Une enzymothérapie de remplacement, où une enzyme manquante est injecté régulièrement dans le patient, est disponible pour l'ADA-SCID. Ceci est un traitement, pas un remède. Transplant de cellules souches de la moelle osseuse d'un sain, l'appariement, le donneur est le seul remède pour SCID actuellement.
thérapies Investigational
La thérapie génique pour SCID est à l'étude, car il peut être difficile, voire impossible de trouver une correspondance de tissu pour une greffe de cellules souches, dans certains cas, et la tige parce que les greffes de cellules ne sont pas toujours couronnées de succès.

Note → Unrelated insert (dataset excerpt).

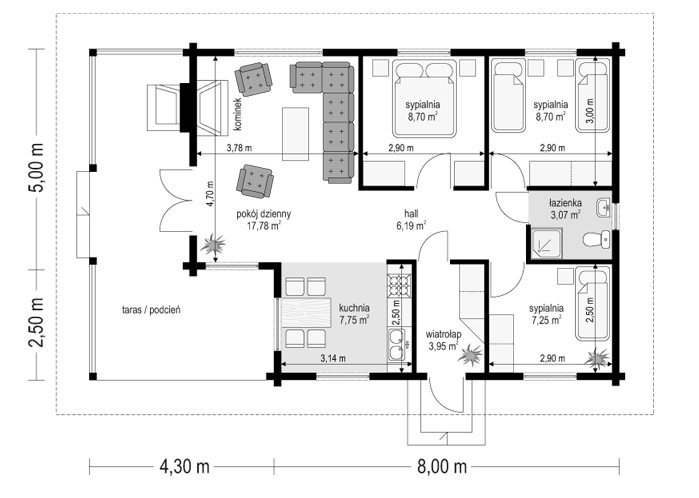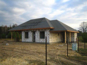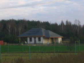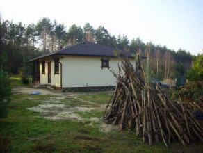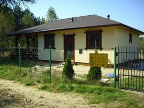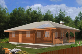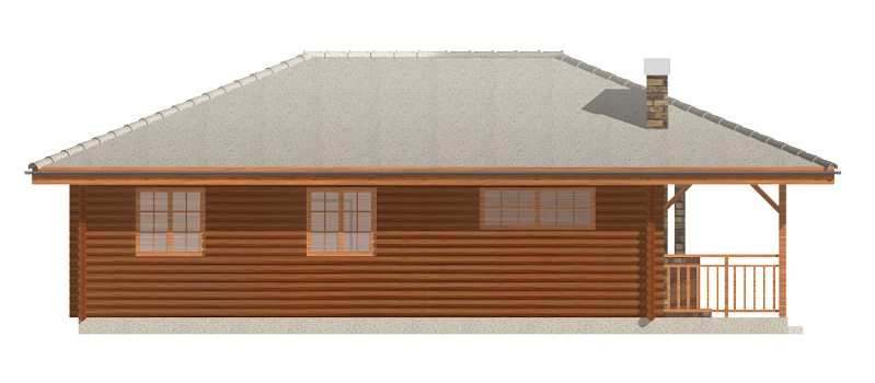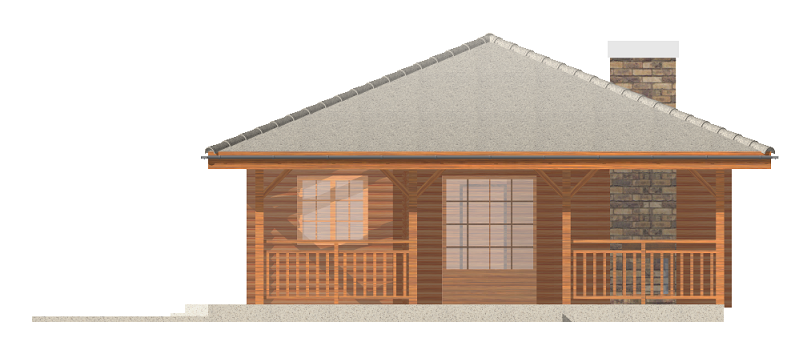 Projekt domu Pogodny Drewniany to mały i ekonomiczny domek z bali drewnianych. Parterowy, niepodpiwniczony, o prostej i wyważonej bryle, dla czteroosobowej rodziny. Może być traktowany zarówno jako dom jednorodzinny, jak i letniskowy. Budynek posiada czytelny i funkcjonalny rozkład pomieszczeń oraz wyraźny ich podział na strefy: dzienną i nocną, co daje poczucie komfortu i wygody. Obszerny zadaszony taras zapewnia możliwość korzystania z zewnętrznego kominka (grilla) bez względu na warunki atmosferyczne. Kominek, zlokalizowany w salonie umożliwia rozprowadzenie ciepła po całym domu. Projekt domu Pogodny Drewniany dostępny jest w technologii drewnianej oraz murowanej. Pracownia dysponuje także wersją z poddaszem użytkowym. Każdy z wariantów projektu dostępny jest ponadto w odbiciu lustrzanym. Komplet czterech egzemplarzy zawiera: projekt architektury domu, konstrukcji oraz schematy instalacji wewnętrznych. Na prośbę Inwestora, do projektu dołączamy zgodę na dokonanie zmian według życzenia Klienta.

Le premier essai de thérapie génique pour X-SCID utilisé un vecteur rétroviral pour délivrer une copie normale du IL2RG gène et restauré la fonction des cellules T chez lesenfants avec X-SCID. Malheureusement , en 2005, cinq de ces enfants ont développé une leucémie après avoir été traités à Paris et à Londres. Depuis ce temps , les vecteurs ont été redessinés avec de nouveaux gardes de sécurité pour éliminer les éléments cancérigènes probables. Plusieurs nouveaux essais cliniques sont en cours à l'hôpital de plusieurs enfants et les National Institutes of Health. Le but de ce traitement est de type à restaurer la fonction immunitaire tout en évitant les complications telles que lesgreffes de répétition, un durcissement incomplet du système immunitaire, l' exposition à la chimiothérapie et la maladie du greffon contre l' hôte.